Your instructions: Whenever a picture appears, leave it out while repeating all the other data exactly.

Data to process section start

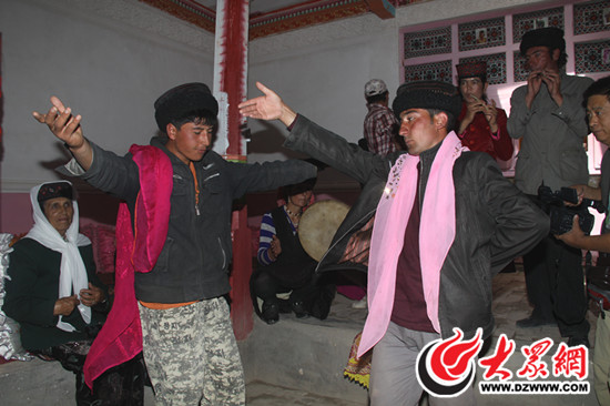 塔吉克族小伙子們?cè)谔椢?/P>
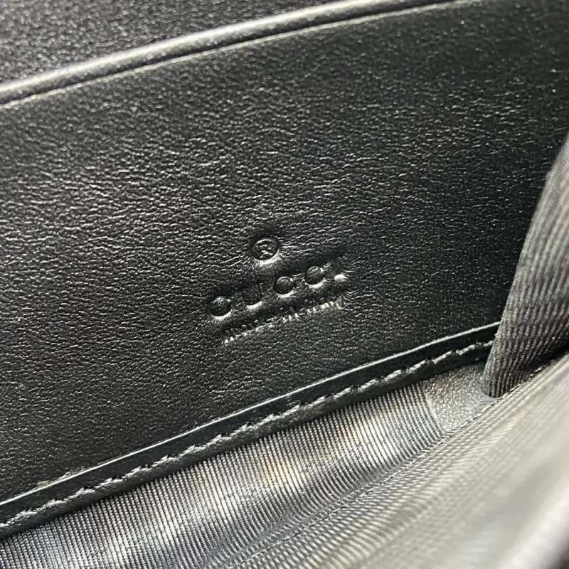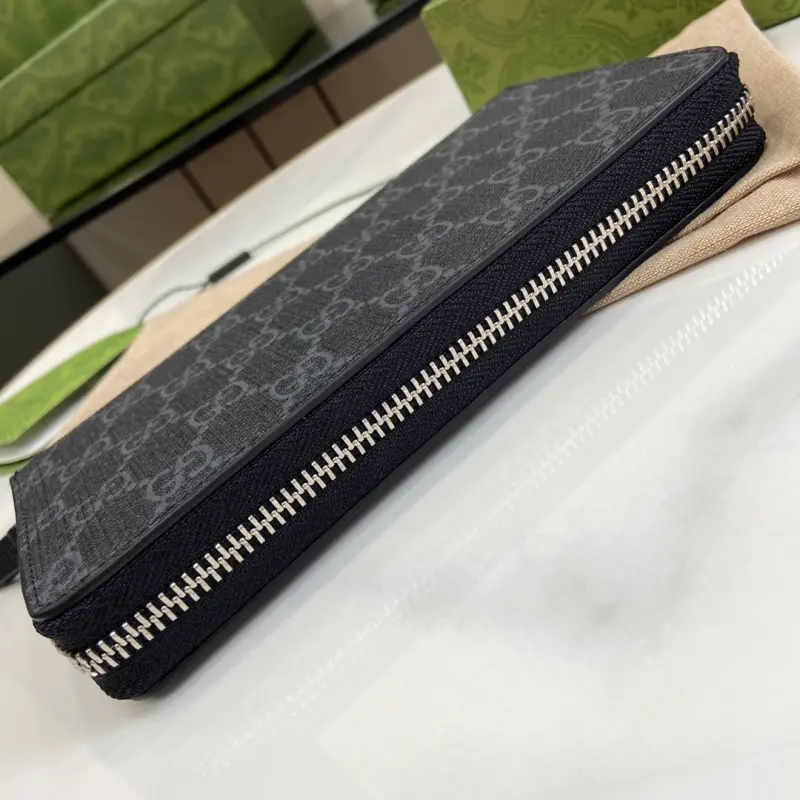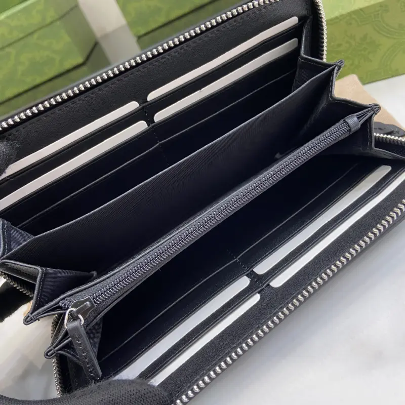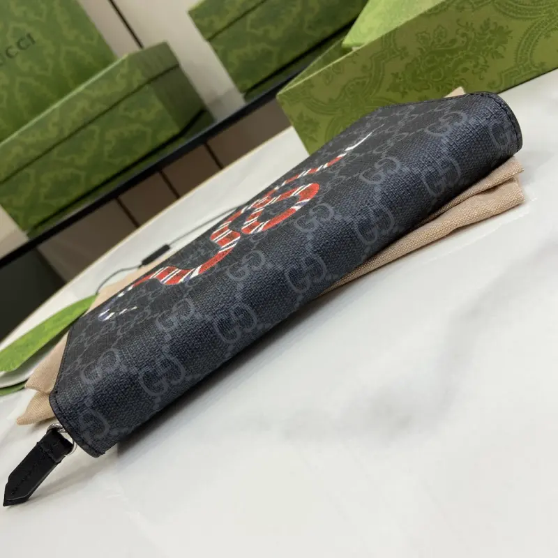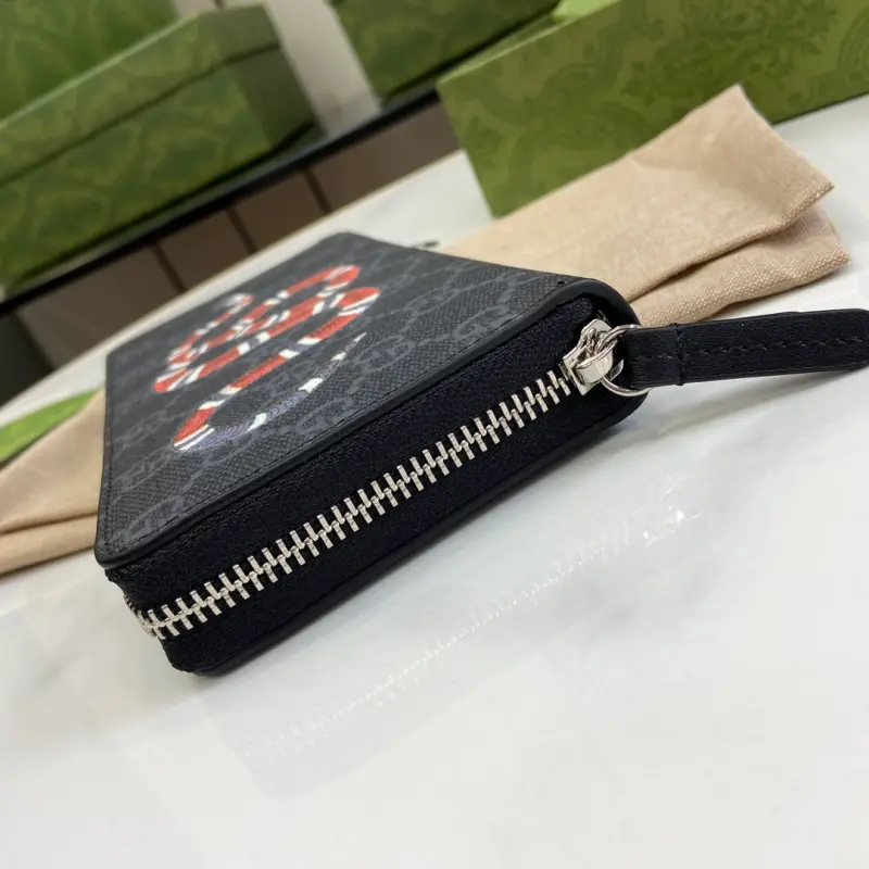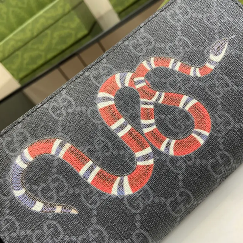 Zippered wallet with GG coral snake detailing. Gbag’s small leather accessories push the boundaries of design, constantly reinterpreting classic pieces in unique ways. This men’s wallet expertly combines classic GG Supreme canvas with black GG hardware, creating a sophisticated, modern accessory. Black leather trim, moir?? fabric lining, and GG details. Interior: 12 card slots and 3 bill compartments. Model No. 451273. Dimensions: 19cm (width) x 10cm (height) x 2.5cm (depth). Color: Black PVC/Coral Snake.
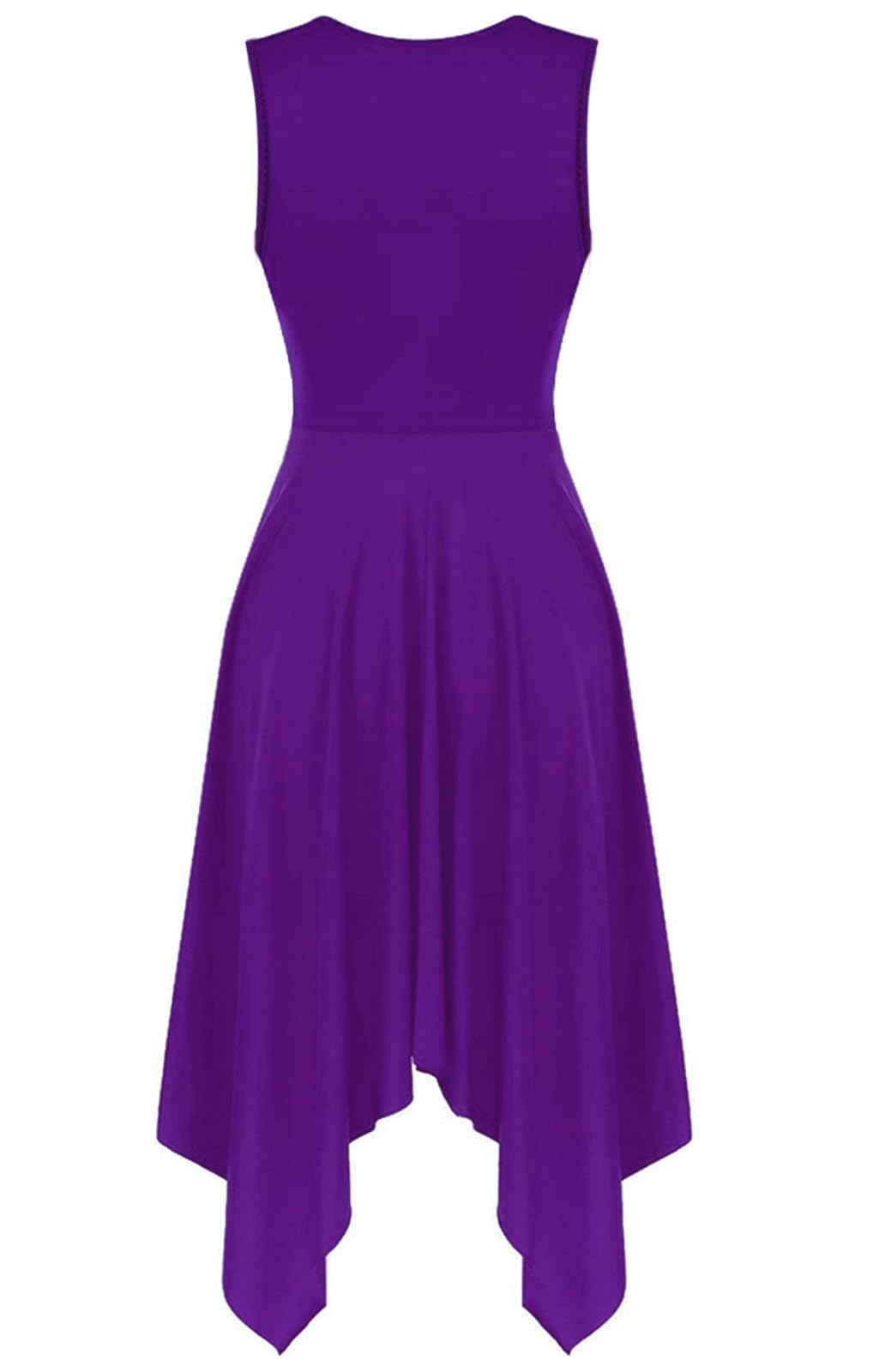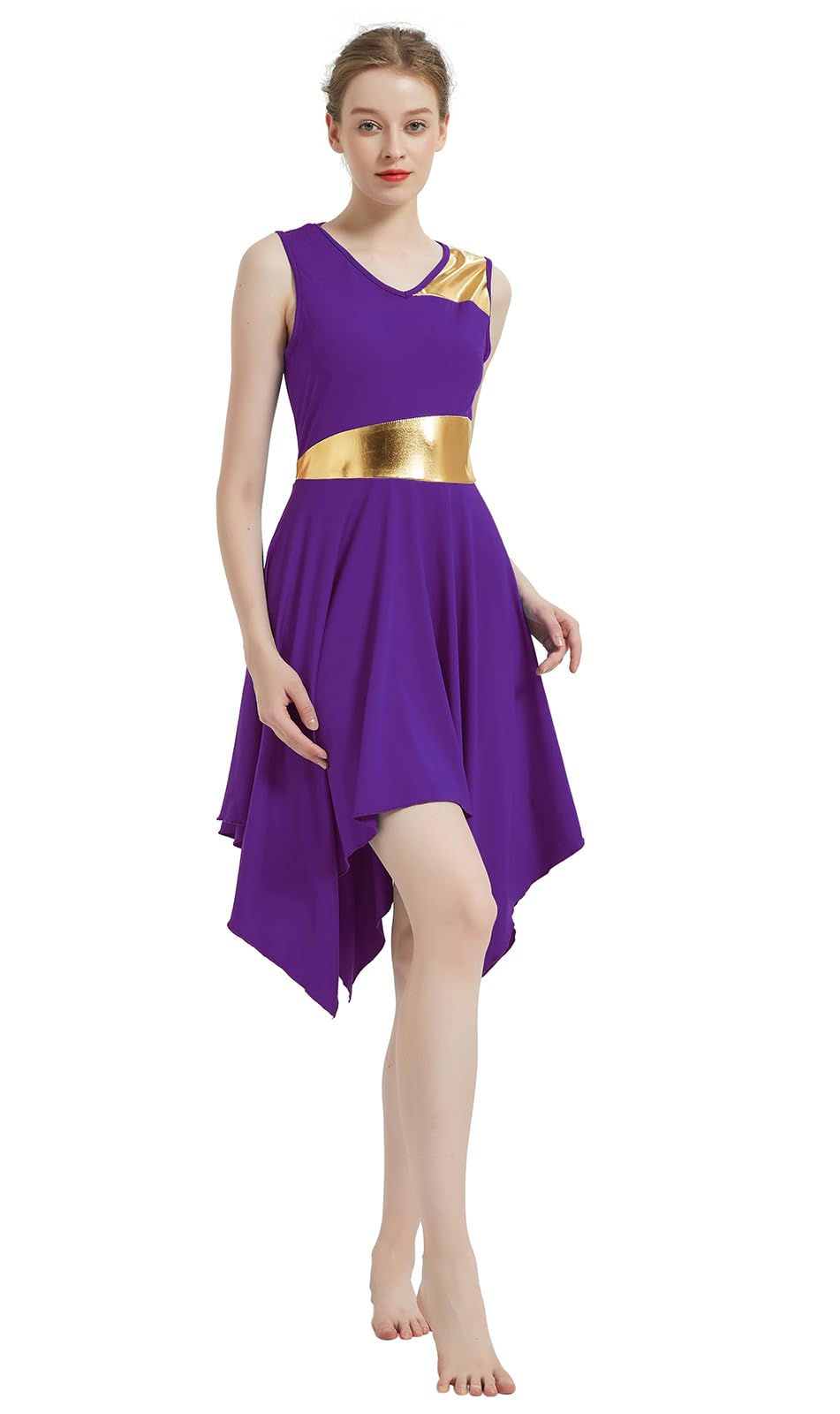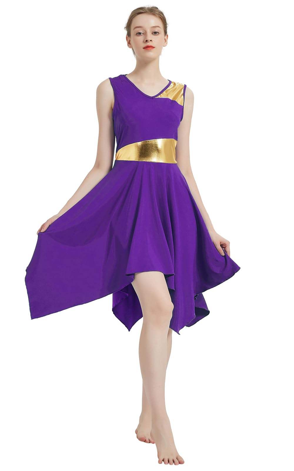 UNIQUE DESIGN: Sleeveless irregular hem praise lyrical dance dress, v neck, pull-on closed, metallic color block patchwork. Metallic fabric surrounds the entire waistline, creating a high waist effect. The bottom is a irregular hem big swing flowy skirt, can be looks flowy and graceful when twirling or moving.
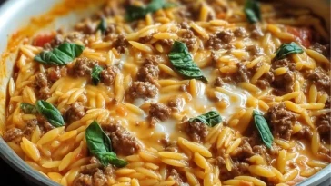 Hackfleisch-Orzo mit Tomaten-Sahnesauce
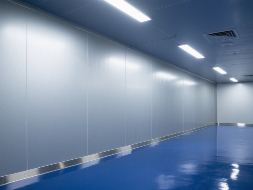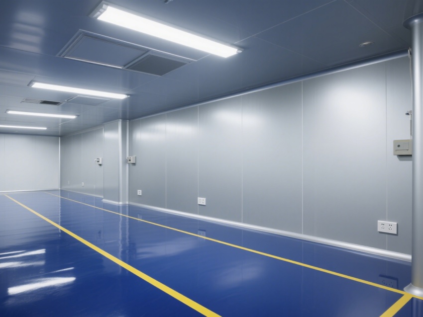 材料選擇是潔凈性能的基礎。地面選用防靜電環氧自流平,其無縫隙、高耐磨的特性,既能防止靜電擊穿電子元件,又便于日常清潔消毒;墻面采用彩鋼板,拼接處用硅酮密封膠嚴密填充,確保氣密性,且板材需具備抗菌性能,適配醫藥廠房的衛生要求;吊頂采用鋁合金龍骨搭配防塵石膏板,嵌入式安裝潔凈燈具與風口,減少積塵死角。此外,門窗需選用斷橋鋁材質,配備雙層中空鋼化玻璃與密封膠條,阻斷外界灰塵與異味進入。?
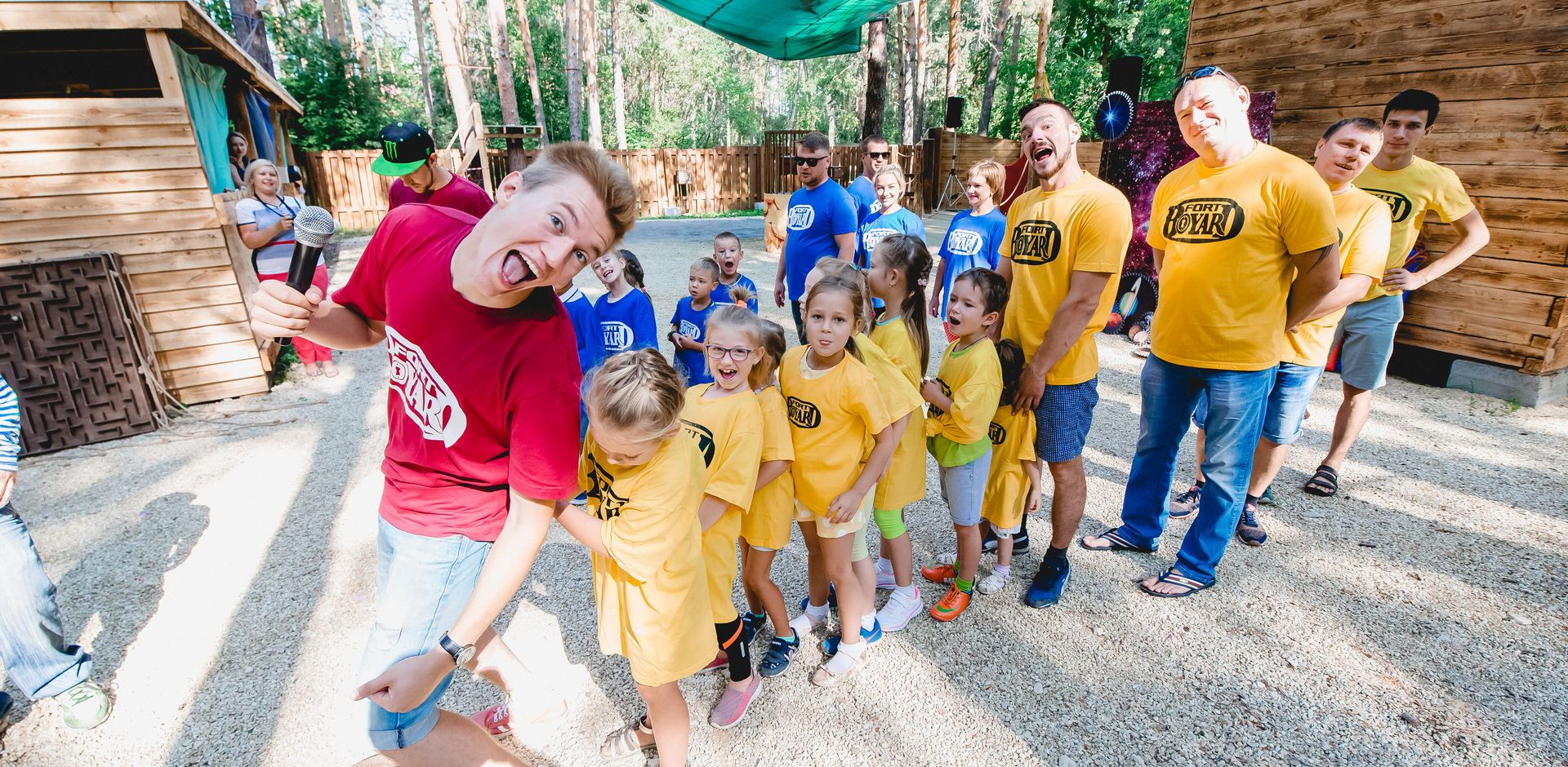 Взрослые проходят в банкетную зону. Детей встречает ведущий и участники попадают на Форт Боярд, где их ожидают очень страшные, опасные, командные и самое главное - эмоциональные испытания.

Data to process section end

Reply:
 塔吉克族小伙子們?cè)谔椢?/P>
 Zippered wallet with GG coral snake detailing. Gbag’s small leather accessories push the boundaries of design, constantly reinterpreting classic pieces in unique ways. This men’s wallet expertly combines classic GG Supreme canvas with black GG hardware, creating a sophisticated, modern accessory. Black leather trim, moir?? fabric lining, and GG details. Interior: 12 card slots and 3 bill compartments. Model No. 451273. Dimensions: 19cm (width) x 10cm (height) x 2.5cm (depth). Color: Black PVC/Coral Snake.
 UNIQUE DESIGN: Sleeveless irregular hem praise lyrical dance dress, v neck, pull-on closed, metallic color block patchwork. Metallic fabric surrounds the entire waistline, creating a high waist effect. The bottom is a irregular hem big swing flowy skirt, can be looks flowy and graceful when twirling or moving.
 Hackfleisch-Orzo mit Tomaten-Sahnesauce
 材料選擇是潔凈性能的基礎。地面選用防靜電環氧自流平,其無縫隙、高耐磨的特性,既能防止靜電擊穿電子元件,又便于日常清潔消毒;墻面采用彩鋼板,拼接處用硅酮密封膠嚴密填充,確保氣密性,且板材需具備抗菌性能,適配醫藥廠房的衛生要求;吊頂采用鋁合金龍骨搭配防塵石膏板,嵌入式安裝潔凈燈具與風口,減少積塵死角。此外,門窗需選用斷橋鋁材質,配備雙層中空鋼化玻璃與密封膠條,阻斷外界灰塵與異味進入。?
 Взрослые проходят в банкетную зону. Детей встречает ведущий и участники попадают на Форт Боярд, где их ожидают очень страшные, опасные, командные и самое главное - эмоциональные испытания.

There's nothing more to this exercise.